For example, when using HTTP/3, this can be accomplished by allowing Data
Transports to run over both DATAGRAM and STREAM frames.</t>
      </section>
      <section anchor="configuration-of-congestion-and-flow-control" numbered="true" toc="default">
        <name>Configuration of Congestion and Flow Control</name>
        <t>An extension will allow exchanging congestion and flow control parameters to
improve performance. For example, an extension could disable congestion control
for non-retransmitted Data Transports if it knows that the proxied traffic is
itself congestion-controlled.</t>
      </section>
      <section anchor="data-transport-compression" numbered="true" toc="default">
        <name>Data Transport Compression</name>
        <t>While the core protocol Data Transports will transmit IP packets in their
unmodified entirety, an extension can allow compressing these packets.</t>
      </section>
    </section>
    <section anchor="non-requirements" numbered="true" toc="default">
      <name>Non-requirements</name>
      <t>This section discusses topics that are explicitly out of scope for the IP
Proxying protocol.

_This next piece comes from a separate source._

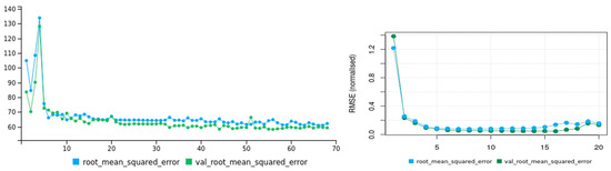 Example of two training attempts of machine learning models from Group 3 that use the validation dataset as support information for early stopping. The x-axis represents training epochs. On the left, a training attempt of the long short-term memory (LSTM) model (y-axis indicates absolute root mean squared error (RMSE) values), and on the right, a training attempt of the non-linear autoregressive neural networks (NARX) model (y-axis indicates normalised RMSE values), both for one month lead-time forecasting at the Guavio reservoir.

These topics MAY be handled by implementers or future
extensions.</t>
      <section anchor="addressing-architecture" numbered="true" toc="default">
        <name>Addressing Architecture</name>
        <t>This document only describes the requirements for a protocol that allows IP
proxying. It does not discuss how the IPs assigned are determined, managed, or
translated. While these details are important for producing a functional
system, they do not need to be handled by the protocol beyond the ability to
convey those assignments.</t>
        <t>Similarly, "ownership" of an IP range is out of scope. If an endpoint
communicates to its peer that it can allocate addresses from a range, or route
traffic to a range, the peer has no obligation to trust that information.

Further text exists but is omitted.